About

Selasa, 05 Mei 2026

Iran Kasih Deadline 1 Bulan bagi AS Cabut Blokade-Setop Perang

 

Iran menetapkan deadline atau tenggat waktu satu bulan untuk menegosiasikan kesepakatan guna membuka kembali Selat Hormuz, mengakhiri blokade laut Amerika Serikat (AS), dan secara permanen mengakhiri perang baik yang berkecamuk di Iran maupun di Lebanon, markas kelompok Hizbullah.


Laporan media AS Axios, seperti dilansir Anadolu Agency dan Middle East Monitor, Senin (4/5/2026), menyebutkan bahwa tenggat waktu satu bulan itu diusulkan Teheran dalam proposal revisi 14 poin berisi kerangka perjanjian yang diajukan kepada Washington pada Kamis (30/4) pekan lalu.


Dua sumber yang diberi informasi tentang dokumen itu, seperti dikutip Axios, mengungkapkan bahwa proposal Iran menetapkan tenggat waktu satu bulan yang ketat untuk mengamankan kesepakatan, yang mencakup akses maritim, mengakhiri blokade angkatan laut AS, dan gencatan senjata yang langgeng di kedua front.

Jika mereka berperilaku buruk, jika mereka melakukan sesuatu yang buruk -- tetapi saat ini, kita akan melihat. Ada kemungkinan hal itu bisa terjadi, tentu saja," kata Presiden AS Donald Trump kepada wartawan pada Sabtu (2/5), ketika ditanya apakah dia dapat memerintahkan serangan baru terhadap Iran.

Menurut sumber-sumber yang dikutip Axios, proposal Teheran tersebut memvisualisasikan fase kedua hanya setelah kesepakatan awal tercapai, meluncurkan negosiasi tambahan selama satu bulan yang berfokus pada program nuklir.

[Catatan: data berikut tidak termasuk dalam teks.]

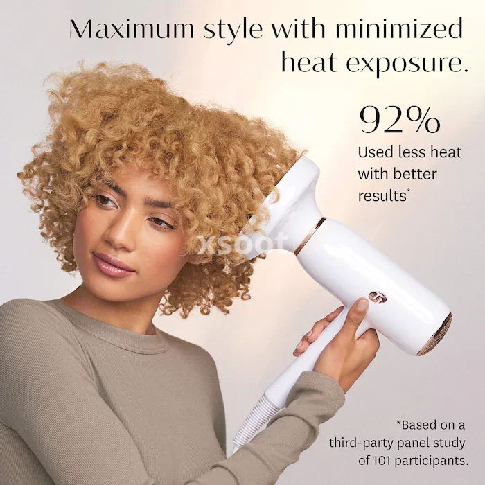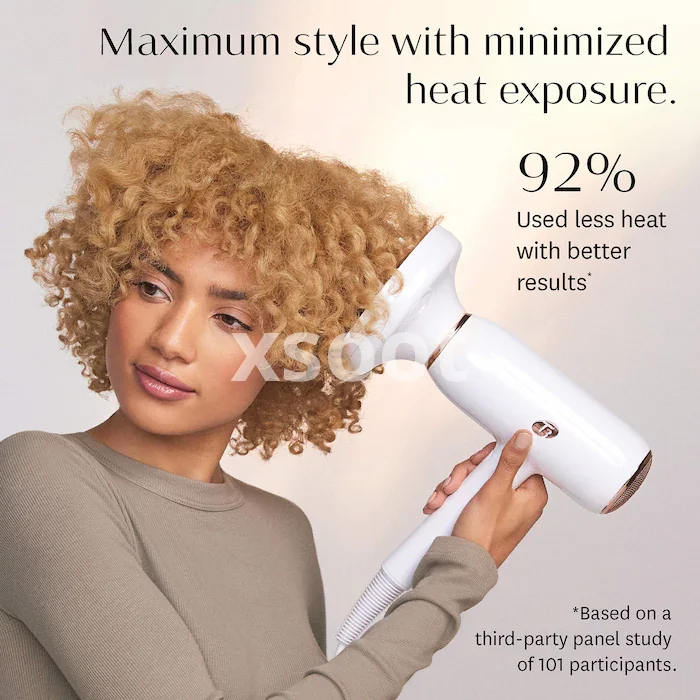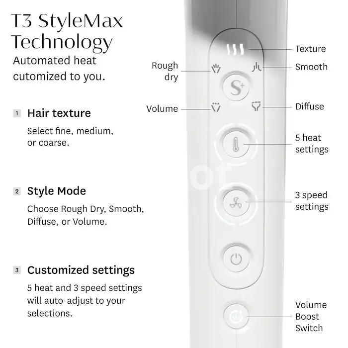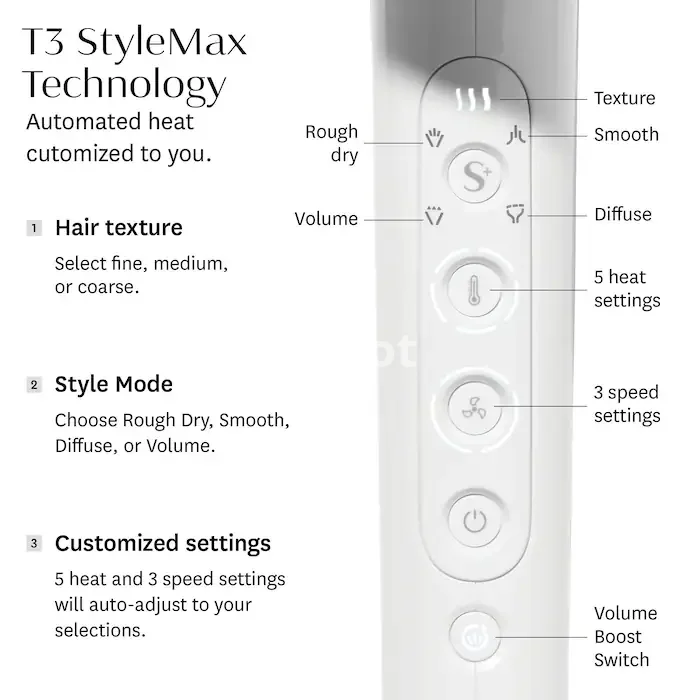 What Else You Need to Know: With T3 StyleMax™ Technology, this hair-dryer auto-adjusts between five heat settings and three speed settings to adapt to your unique hair and styling goals, delivering smooth, shiny results with less damage. Digital T3 IonAir™ Technology powers a wide, ion-infused airstream to gently dry hair fast while locking in body and shine. The smart microchip digitally controls the heat settings to keep temperature fluctuations in check, while the custom-designed fan propels a 2X wider airflow for faster drying. Additionally, the ion generator minimizes static frizz, boosts shine, and locks in your style, leaving you with a salon-worthy finish every time.

Meskipun Trump mengatakan pada Jumat (1/5) bahwa dirinya tidak puas dengan proposal terbaru Iran, dia kembali mengatakan kepada wartawan pada Sabtu (2/5) sebelum meninggalkan Palm Beach menuju Miami jika dirinya akan meninjaunya selama penerbangan.


"Saya sedang mempelajarinya. Saya akan memberi tahu Anda nanti. Mereka memberi tahu saya tentang konsep kesepakatan itu. Mereka akan memberi saya kata-kata yang tepat sekarang," kata Presiden AS tersebut.

Beberapa saat kemudian, Trump menunjukkan nada yang lebih keras saat memberikan pernyataan via Truth Social. Trump mengatakan bahwa dirinya "tidak dapat membayangkan bahwa itu akan dapat diterima".


Dia kemudian bersikeras mengatakan bahwa Iran "belum membayar harga yang cukup besar atas apa yang telah mereka lakukan kepada umat manusia, dan dunia, selama 47 tahun terakhir".


Dalam pernyataan yang sama kepada media, Trump menggambarkan blokade terhadap pelabuhan Iran sebagai tindakan yang "sangat ramah" dan tidak terbantahkan. Dia menegaskan bahwa hal itu tidak bertentangan dengan klaimnya soal permusuhan telah "diakhiri".